====== DATA SUPPLIED ======

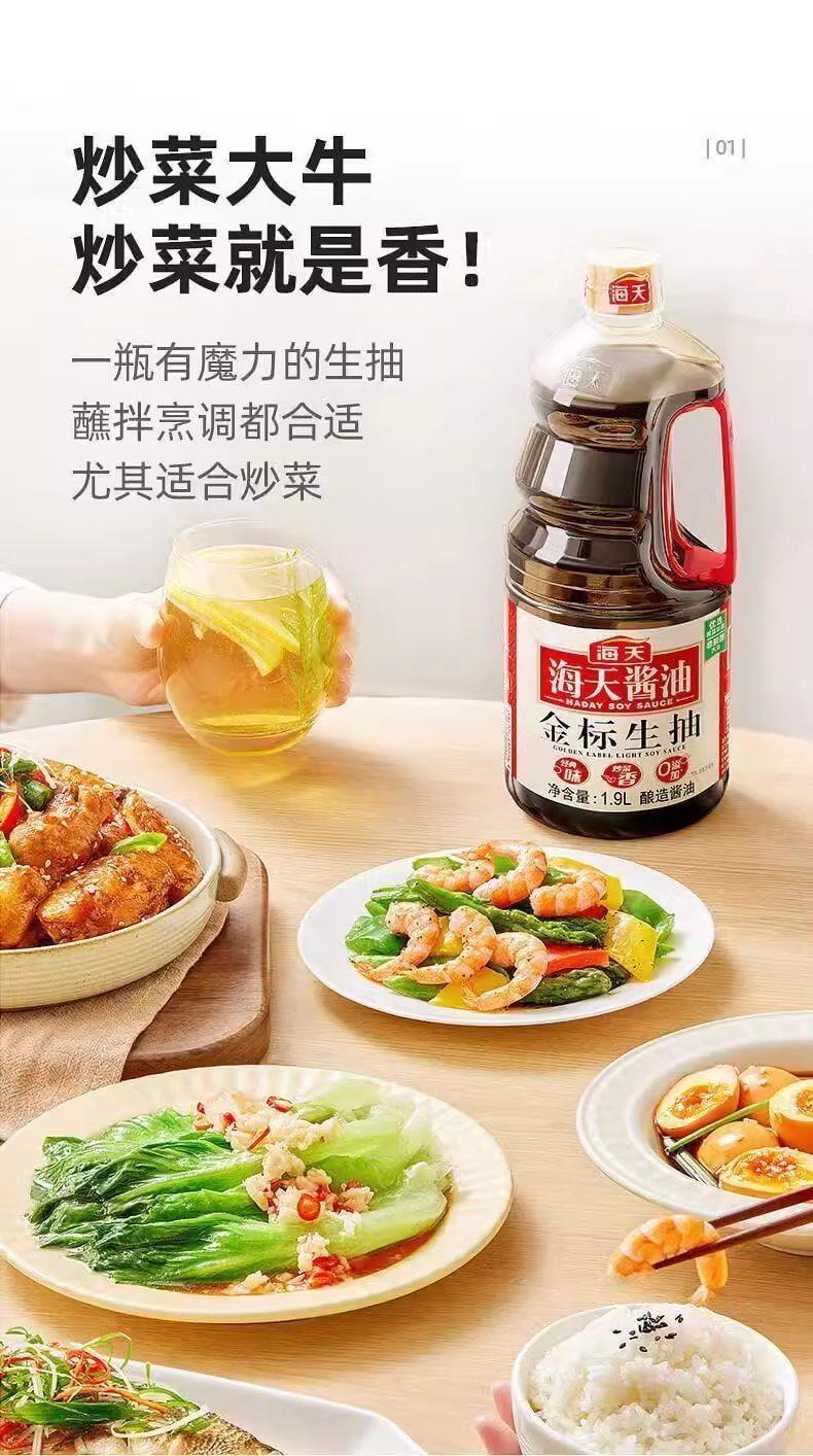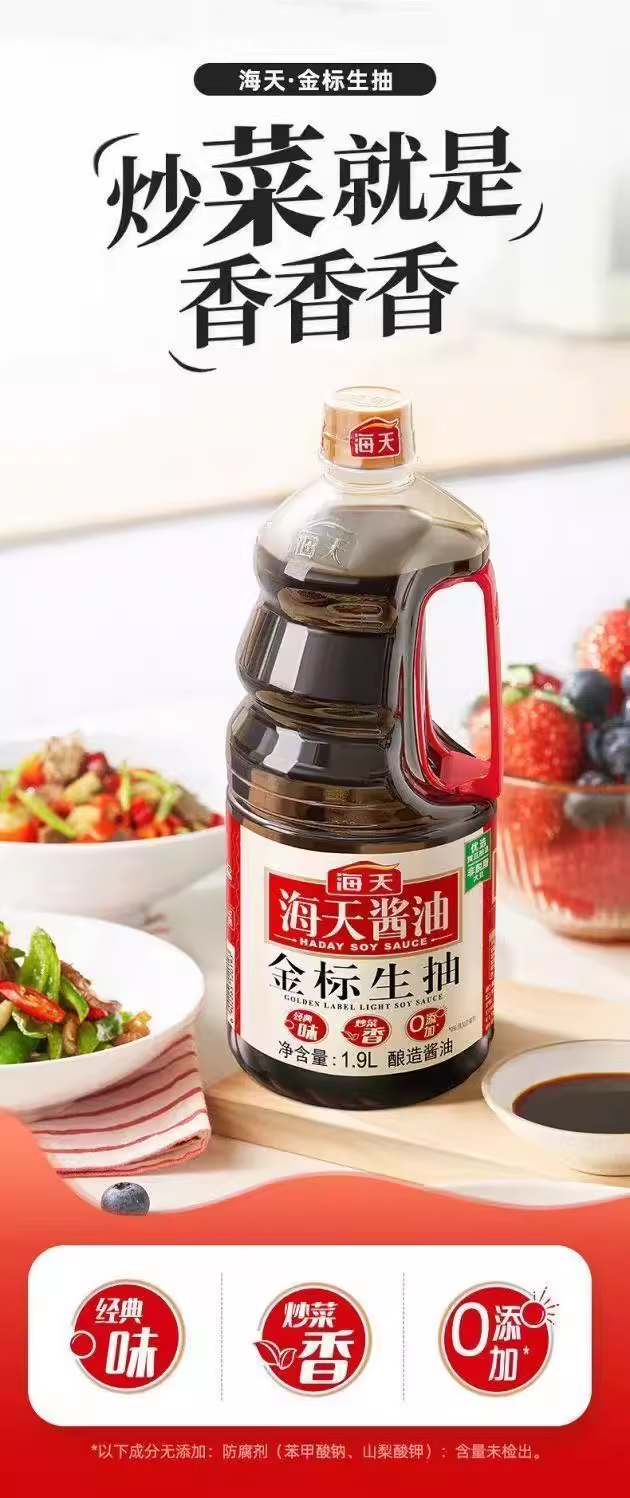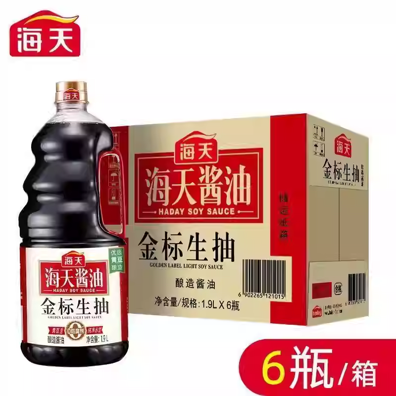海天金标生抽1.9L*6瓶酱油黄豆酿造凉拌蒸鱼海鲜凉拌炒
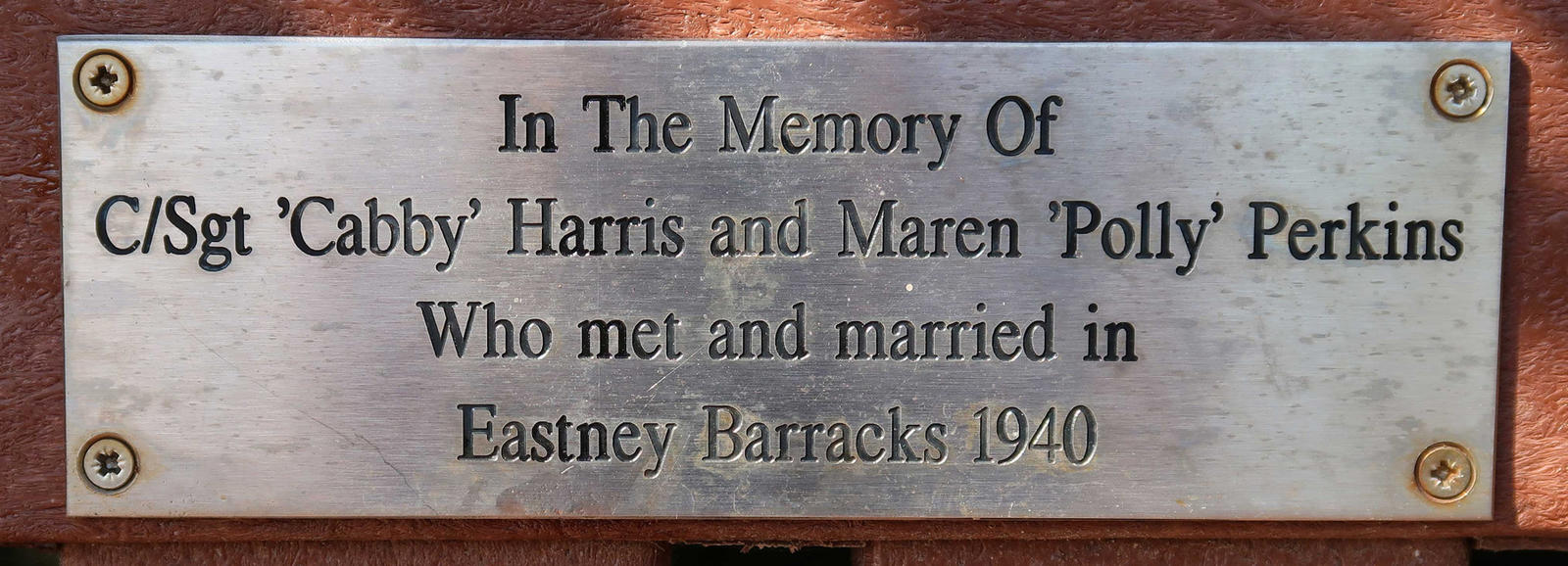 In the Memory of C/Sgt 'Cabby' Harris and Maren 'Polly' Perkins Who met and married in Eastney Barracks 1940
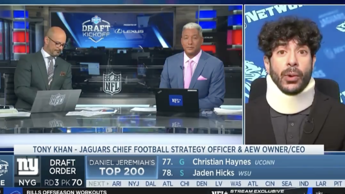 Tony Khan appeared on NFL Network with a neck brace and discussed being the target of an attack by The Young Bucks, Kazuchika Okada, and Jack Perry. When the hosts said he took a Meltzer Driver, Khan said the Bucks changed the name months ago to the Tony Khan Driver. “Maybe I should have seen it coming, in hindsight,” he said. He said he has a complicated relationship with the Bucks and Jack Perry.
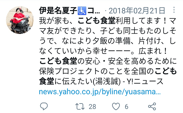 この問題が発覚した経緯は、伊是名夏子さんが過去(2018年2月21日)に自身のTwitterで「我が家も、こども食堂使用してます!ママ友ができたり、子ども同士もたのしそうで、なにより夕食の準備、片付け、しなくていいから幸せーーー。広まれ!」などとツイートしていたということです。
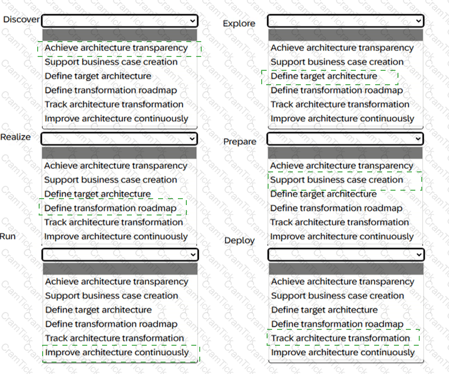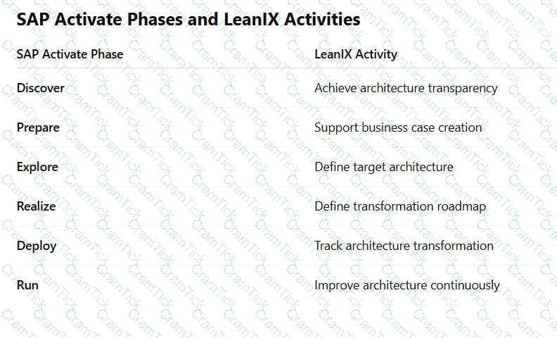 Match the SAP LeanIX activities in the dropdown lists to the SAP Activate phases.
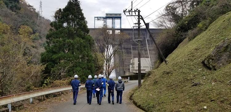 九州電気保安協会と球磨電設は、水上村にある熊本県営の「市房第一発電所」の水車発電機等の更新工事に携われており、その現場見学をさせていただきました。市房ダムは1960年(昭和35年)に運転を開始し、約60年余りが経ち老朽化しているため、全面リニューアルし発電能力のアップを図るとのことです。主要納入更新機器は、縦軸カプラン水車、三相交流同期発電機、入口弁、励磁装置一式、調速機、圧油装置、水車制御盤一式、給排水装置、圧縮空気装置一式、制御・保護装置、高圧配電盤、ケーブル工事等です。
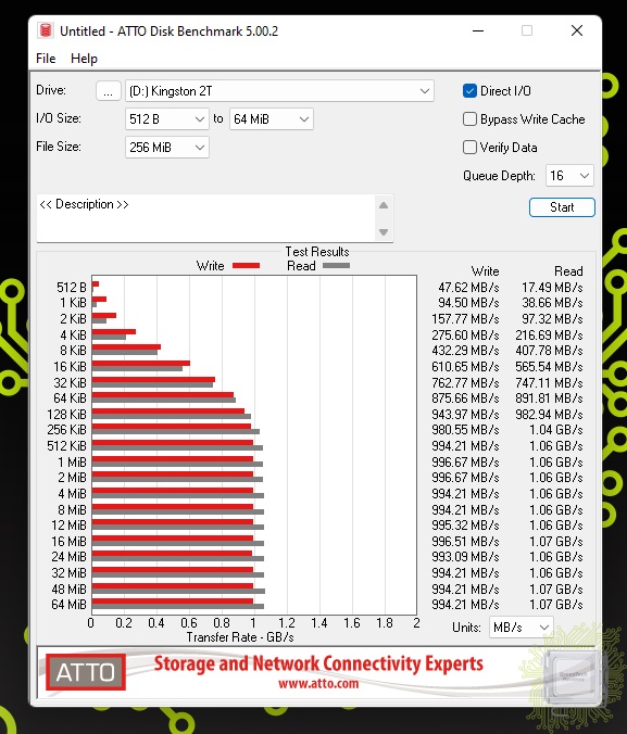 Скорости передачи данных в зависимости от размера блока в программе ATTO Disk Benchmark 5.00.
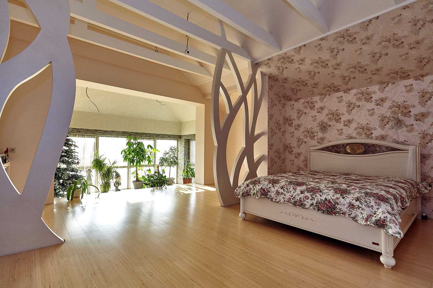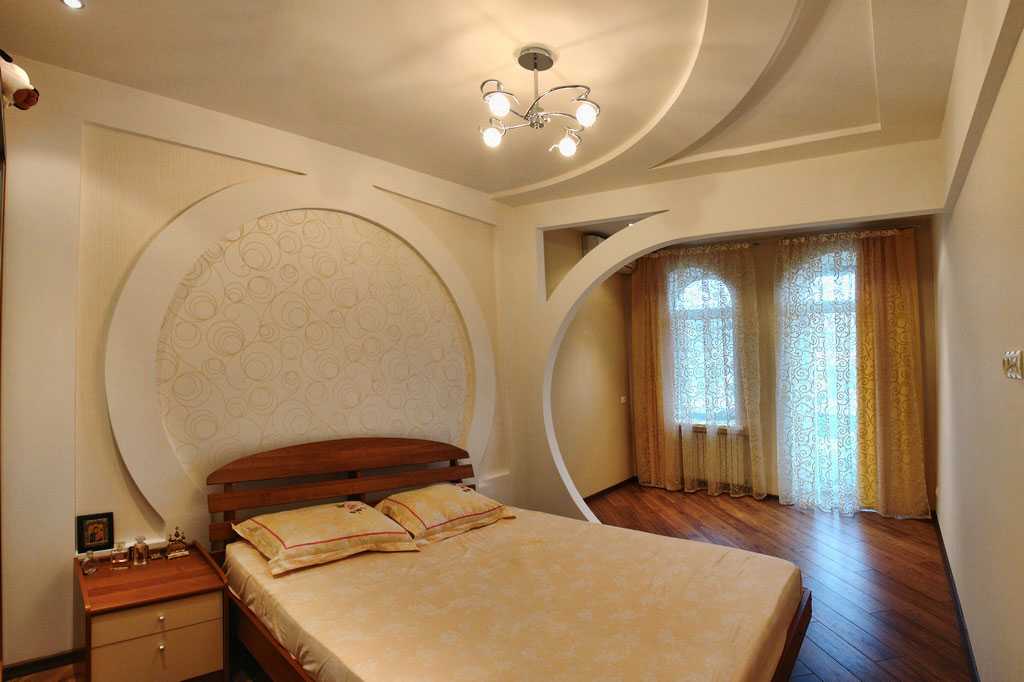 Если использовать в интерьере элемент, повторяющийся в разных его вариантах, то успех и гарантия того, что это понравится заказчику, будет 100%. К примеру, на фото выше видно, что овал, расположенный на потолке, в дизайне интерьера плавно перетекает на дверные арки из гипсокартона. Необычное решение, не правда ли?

======

(WHAT IS REQUIRED): Within the listing above, print exactly the stretch beginning at the line that contains "九州電気保安協会と球磨電設は" and finishing at the line that contains "Скорости передачи данных", ends kept, pictures left out, and nothing more.

(COMPLETED EXERCISE):
 九州電気保安協会と球磨電設は、水上村にある熊本県営の「市房第一発電所」の水車発電機等の更新工事に携われており、その現場見学をさせていただきました。市房ダムは1960年(昭和35年)に運転を開始し、約60年余りが経ち老朽化しているため、全面リニューアルし発電能力のアップを図るとのことです。主要納入更新機器は、縦軸カプラン水車、三相交流同期発電機、入口弁、励磁装置一式、調速機、圧油装置、水車制御盤一式、給排水装置、圧縮空気装置一式、制御・保護装置、高圧配電盤、ケーブル工事等です。
 Скорости передачи данных в зависимости от размера блока в программе ATTO Disk Benchmark 5.00.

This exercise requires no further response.